# Exercise description
From the first line below to the last, reproduce the material exactly and leave out the images.

╭──

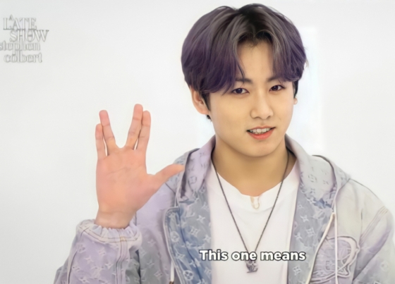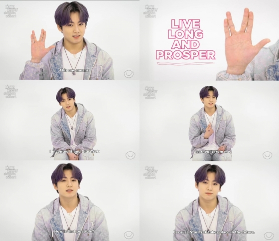 정국은 벌칸족 손인사인 '벌칸 살루트' 포즈를 취하며 "이것은 '장수와 번영을' 라는 뜻이다"라고 입을 뗀 후 "제가 만든 것인데 '스타트랙'이 저한테 이걸 배워갔다"고 이야기 했다.
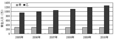 1、单选题  读“2005~2010年广东省某两市常住人口统计图”。据图推测
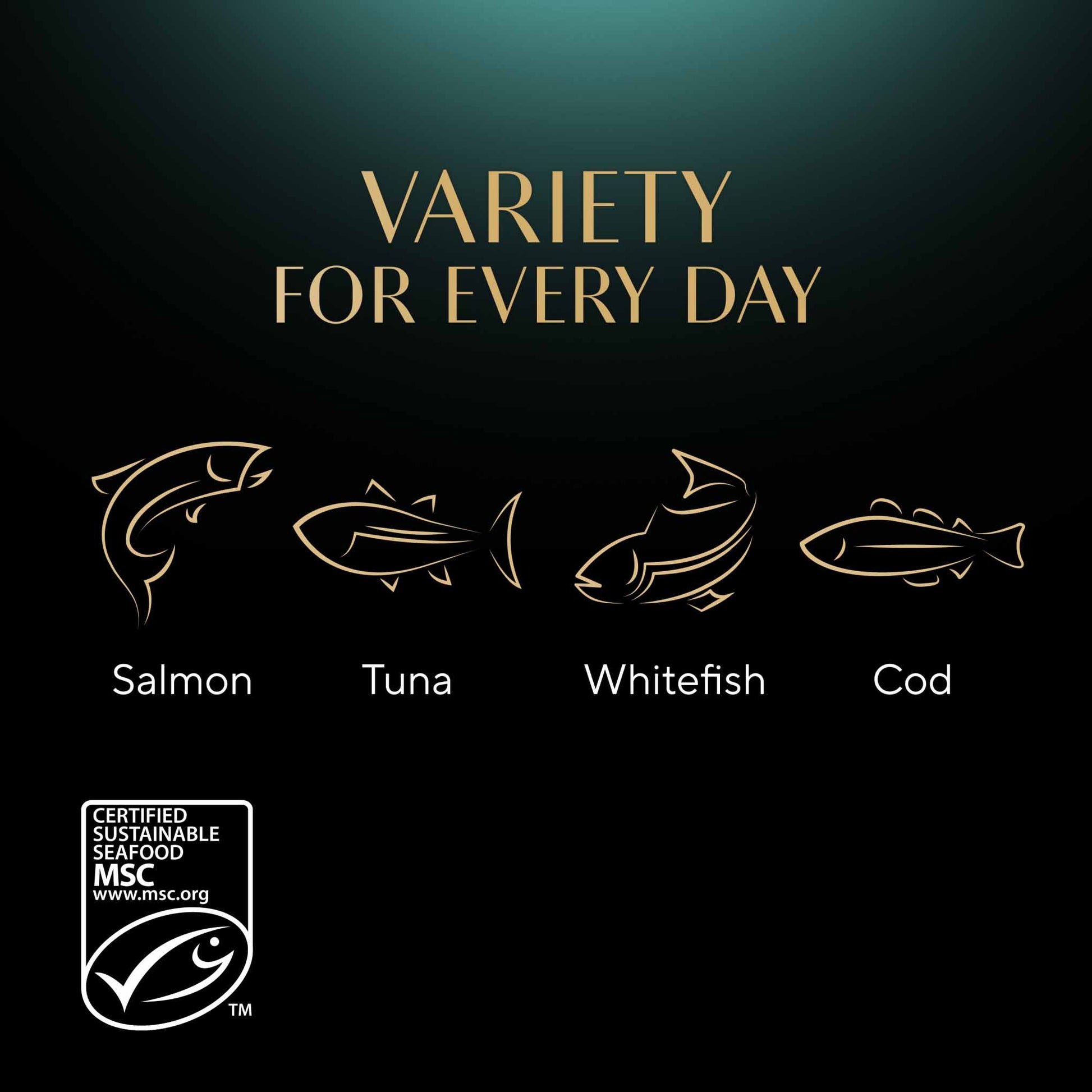 - Adult cat food with a delicious variety of cod, salmon, tuna and whitefish in jelly.
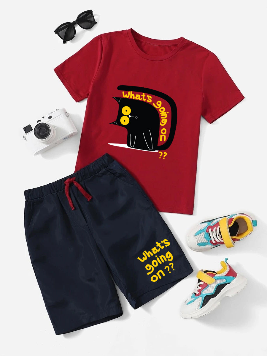 Red Whats Going On Printed T-Shirt & Black Short Set
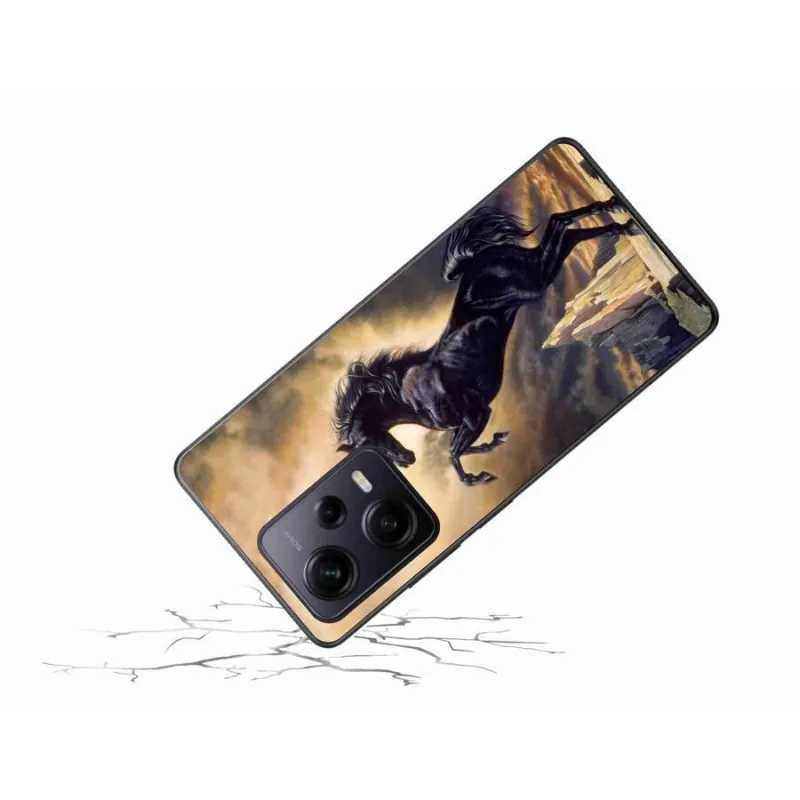 Gél borítás mmCase a Xiaomi Redmi Note 12 Pro+ 5G számára - fekete rajzfilm ló
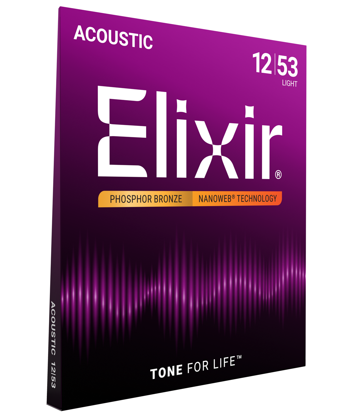 Elixir Acoustic Nanoweb Phosphor Bronze Light 12-53 strings offer the longest lasting tone, night after night. These strings provide the distinctive warmth and sparkle of phosphor bronze with the extended tone life that Elixir Strings are famous for. The NANOWEB coating protects the entire string with an ultra-thin layer, preventing gunk buildup and maintaining consistent performance.
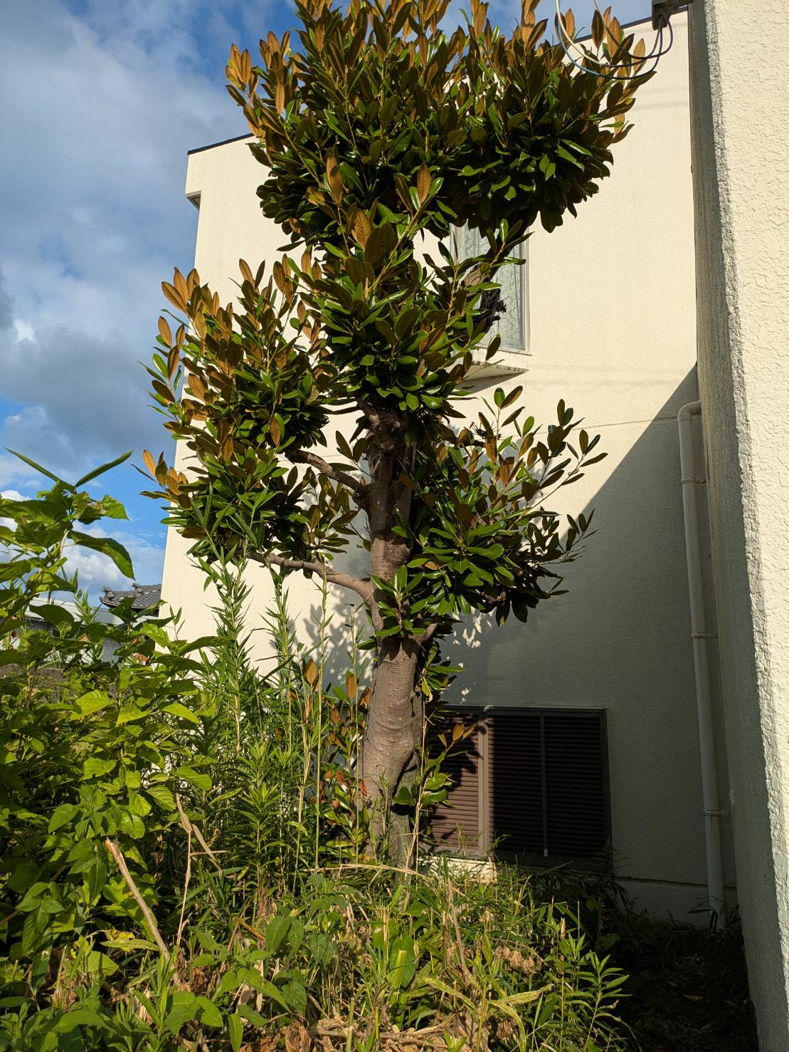 B様邸のタイサンボクは建物のすぐそばに立っており、枝葉が外壁や窓に近づいていました🏠💨

╰──

# Answer section
 정국은 벌칸족 손인사인 '벌칸 살루트' 포즈를 취하며 "이것은 '장수와 번영을' 라는 뜻이다"라고 입을 뗀 후 "제가 만든 것인데 '스타트랙'이 저한테 이걸 배워갔다"고 이야기 했다.
 1、单选题  读“2005~2010年广东省某两市常住人口统计图”。据图推测
 - Adult cat food with a delicious variety of cod, salmon, tuna and whitefish in jelly.
 Red Whats Going On Printed T-Shirt & Black Short Set
 Gél borítás mmCase a Xiaomi Redmi Note 12 Pro+ 5G számára - fekete rajzfilm ló
 Elixir Acoustic Nanoweb Phosphor Bronze Light 12-53 strings offer the longest lasting tone, night after night. These strings provide the distinctive warmth and sparkle of phosphor bronze with the extended tone life that Elixir Strings are famous for. The NANOWEB coating protects the entire string with an ultra-thin layer, preventing gunk buildup and maintaining consistent performance.
 B様邸のタイサンボクは建物のすぐそばに立っており、枝葉が外壁や窓に近づいていました🏠💨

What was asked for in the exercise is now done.